Veteran U.S. journalist Katie Couric is being mercilessly mocked on Twitter after claiming the Dutch success at Olympics speed-skating was because skating is an "important mode of transport" in their country.
Hot on their heels of their stunning medals triumph in Sochi in 2014, the Dutch men and women speed skaters are already notching up major victories in the Pyeongchang Winter Olympics.
But during Friday's opening ceremony as the Dutch team entered the stadium, Couric pondered "why are they so good, you may be asking yourselves?"
"Because skating is an important mode of transportation in a city like Amsterdam," she told audiences tuned into U.S. broadcaster NBC television.
Amsterdam "has lots of canals that can freeze in winter. So for as long as the canals have existed the Dutch have skated on them to get from place to place to race each other and to have fun."
But her comments sparked a Twitter backlash, with people poking fun at her stereotypical views of the modern-day Netherlands, where temperatures now rarely fall below freezing.
The comments were put online by Jos Duijvestein, who tweeted a link to the TV clip, saying "You just can't make this up." By Monday he said his post had reached over two million views.

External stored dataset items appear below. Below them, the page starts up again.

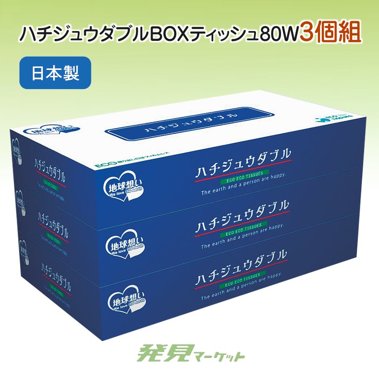 ハチジュウダブルBOXティッシュ80W3個組
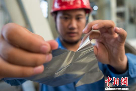 这种超薄的不锈钢主要应用在航空航天、石油化工、汽车、电子、家电、计算机等领域。 韦亮 摄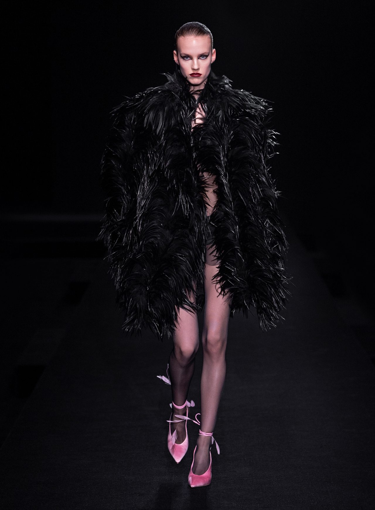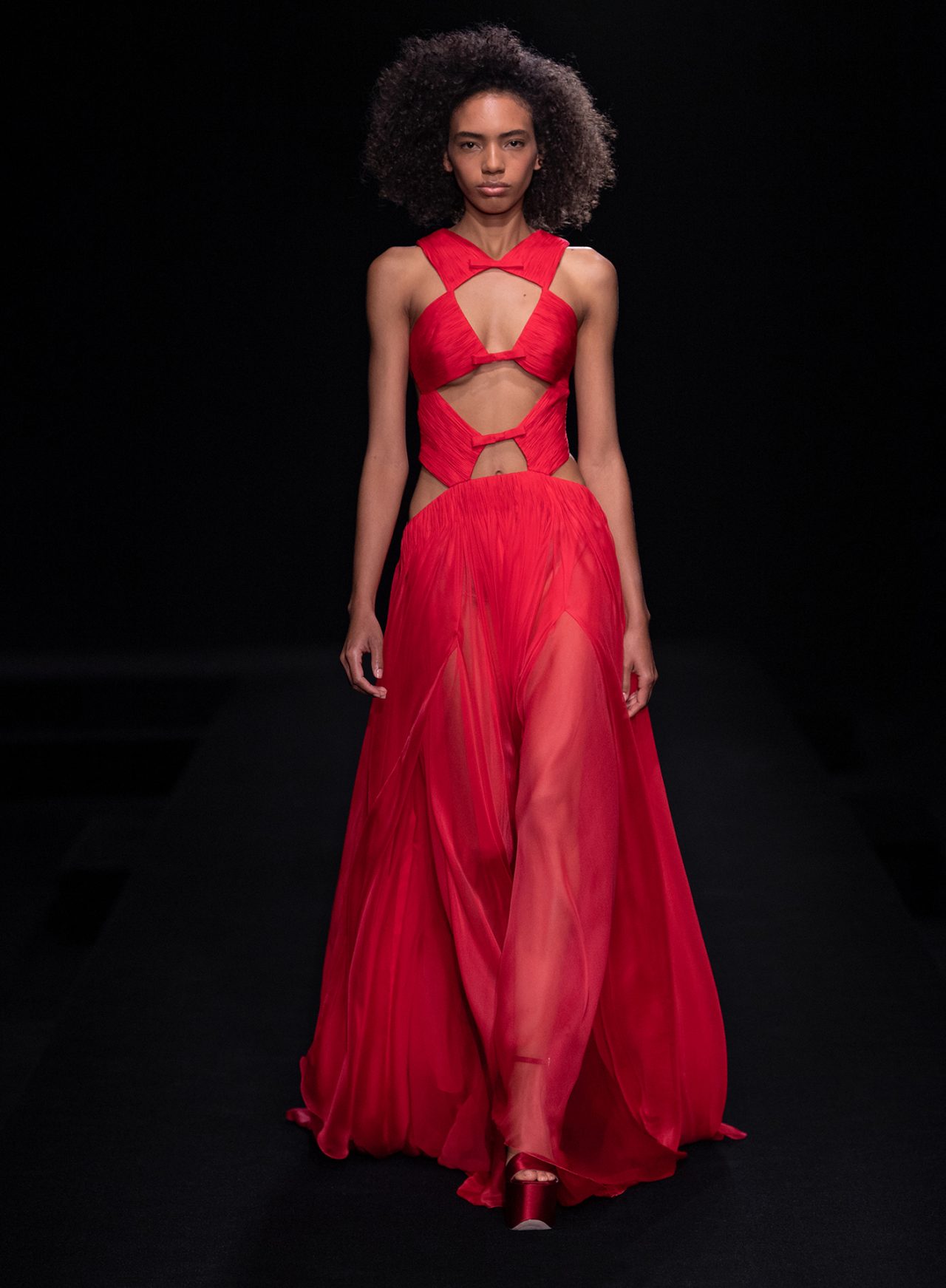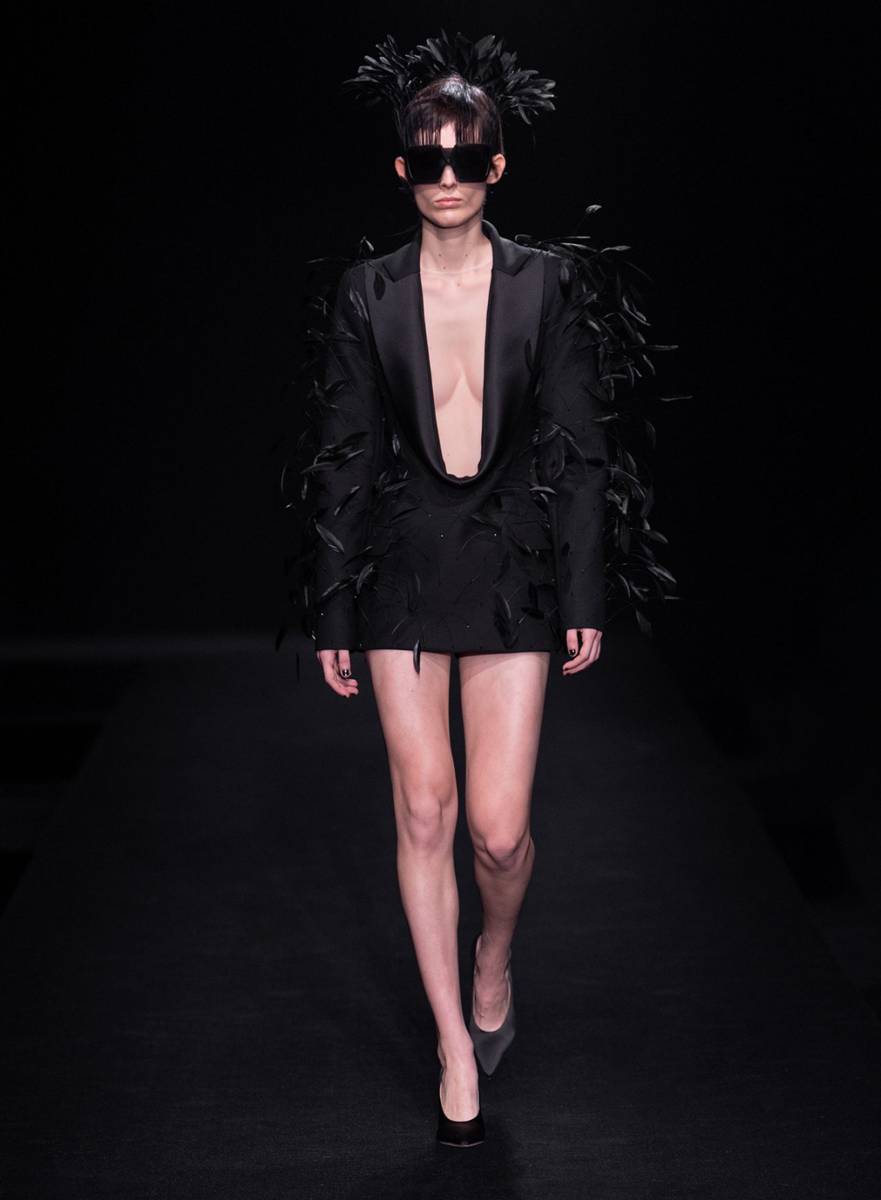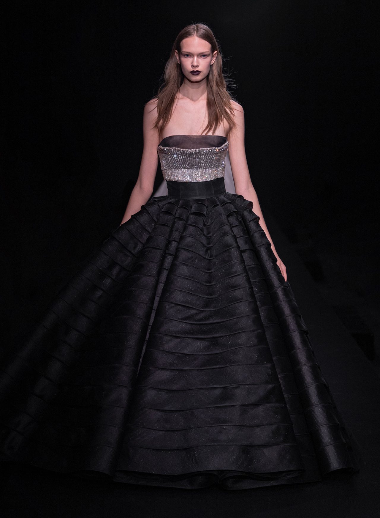 Hercules and Love Affair (ヘラクレス・アンド・ラブ・アフェア) の Andy Butler (アンディ・バトラー) によるサウンドトラックに乗せ、ナイトクラブの暗闇の中から現れたのは、ボディ上でコントラストを描くファブリックや繊細な手仕事が反映されたルックの数々。再解釈されたポルカドットとストライプのカッティング、華やかなエンブロイダリー、ハンドドレープ、ブラックサテンのリボン、柔らかなフェザーガウン、美しく大胆なチュールドレスなど、エレガンスの中に、美の多様性、個性としての美、内なる真実を追及した VALENTINO ならではのディテールが光るコレクションとなった。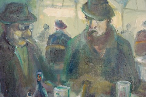 Poul Kastrup (1920-87): Caféstenming med 2 mænd, Paris. Olie på lærred. Sign.: Poul Kastrup 35x50 (53x68)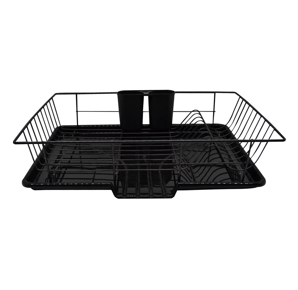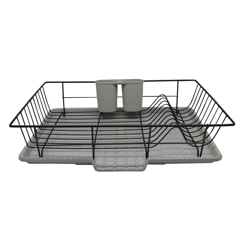 Πιατοθήκη μεταλλική με πλαστικό δίσκο και κουταλοθήκη σε μαύρο ματ χρώμα. Διαθέτει στόμιο αποστράγγισης το οποίο εμποδίζει τη συγκέντρωση νερού μέσα στο δίσκο. Πλένεται και καθαρίζεται εύκολα.. Χρηστικά αντικείμενα για την κουζίνα σας, κομψά και μοντέρνα καθημερινής χρήσης σε λιτές γραμμές. Συνδυάστε τα με τα υπόλοιπα αντικείμενα της σειράς και ανανεώστε τον χώρο σας. Πιατοθήκη μεταλλική σε μαύρο ματ χρώμα με πλαστικό δίσκο και κουταλοθήκη σε γκρι χρώμα.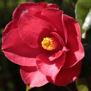 分かりやすい形。花に興味の無い人の想像する椿の形はこれだろう。安心と安定の咲き具合だがこれは半分くらいしか開いていない。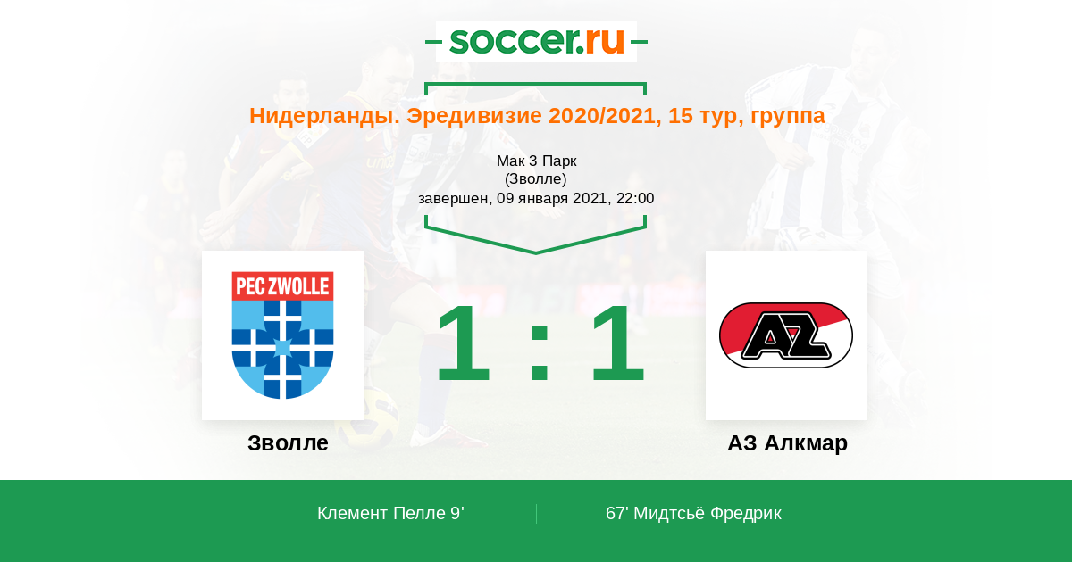 Протокол матча Зволле против АЗ Алкмар

One user Dirk Jan Moedt replied with a photo of a crowd of speed skaters racing around a track by a windmill with the caption "Rush Hour in the Netherlands."
Another called Miss Little Bean published a picture of a black horse drawing an iron-sled on the ice entitled "This is business class in the Netherlands."
Twitter user Thomas Hogeling tweeted a photograph of a man skating past houseboats on the canal saying "me skating to work at the cheese factory."
It's a bitter-sweet moment though for the Dutch, who despite the Twitter protestations are skating-mad and desperately wait each year for the canals to freeze over.
Hopes have once again melted that this winter will see the staging of the near-mythical Elfstedentocht canal skating race -- last held in 1997.
Having been held just 15 times since it first began in 1909, the arduous race spanning 11 canals across 200 kilometers (120 miles) is considered the pinnacle of every Dutch skater's life and victory ensures near immortality.